A treinadora ressalta que a conquista não pertence apenas às atletas que entraram no tablado. É resultado de uma estrutura inteira que trabalha diariamente para que a Seleção Brasileira possa competir em igualdade com as principais escolas da ginástica rítmica mundial.

"Essa medalha é fruto do trabalho de muitas mãos. Muitas mesmo. É das nossas ginastas, que são extremamente disciplinadas, comprometidas e que abrem mão de tantas coisas por esse sonho. Mas é também de toda uma equipe que trabalha nos bastidores: treinadores, coreógrafos, profissionais da preparação física, fisioterapia, medicina, psicologia, nutrição, gestão e de todas as pessoas que, de alguma maneira, fazem a ginástica rítmica brasileira acontecer. Ninguém chega ao topo do mundo sozinho"

Para Camila, o título mundial também simboliza uma mudança de patamar e de mentalidade da modalidade no Brasil.

"Nós aprendemos a acreditar que era possível. Primeiro sonhamos em estar entre as melhores. Depois, começamos a competir de igual para igual com elas. E hoje estamos no lugar mais alto. Não aconteceu de um dia para o outro. Foram anos de trabalho, erros, acertos, lágrimas, renúncias e muita persistência. Construímos uma equipe em que cada uma acredita umas nas outras e que entende que vestir a camisa do Brasil é muito maior do que qualquer conquista individual"

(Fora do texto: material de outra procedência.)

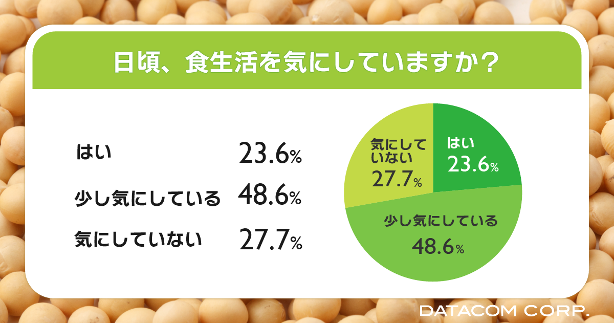 「日頃、食生活を気にしていますか?」という質問に対して、「はい」が23.6%、「少し気にしている」が48.6%となりました。20、30代の若い世代でも、7割以上の人が日頃から食生活に気を配っているという結果が出ました。

O ouro mundial coroa uma trajetória de crescimento que transformou o Brasil em protagonista internacional. Depois do vice-campeonato mundial no conjunto geral em 2025, do ouro inédito no geral da etapa de Milão da Copa do Mundo em 2026 e, agora, de duas medalhas no Mundial de Frankfurt — bronze no geral e ouro nas 5 bolas —, a Seleção Brasileira consolida sua presença entre as principais potências da ginástica rítmica mundial.

"Espero que, a partir de hoje, toda menina que esteja começando na ginástica rítmica em qualquer lugar do Brasil olhe para essa medalha e saiba que ela também pode sonhar grande. Durante muito tempo, chegar ao topo do mundo parecia algo muito distante para nós. Hoje não é mais. O Brasil é campeão mundial. E ninguém poderá tirar isso da história", completa Camila.

De 26ª colocada no mundo ao lugar mais alto do pódio mundial.

Uma trajetória marcada por trabalho, persistência e pela certeza de que o Brasil definitivamente conquistou seu espaço entre os gigantes da ginástica rítmica mundial.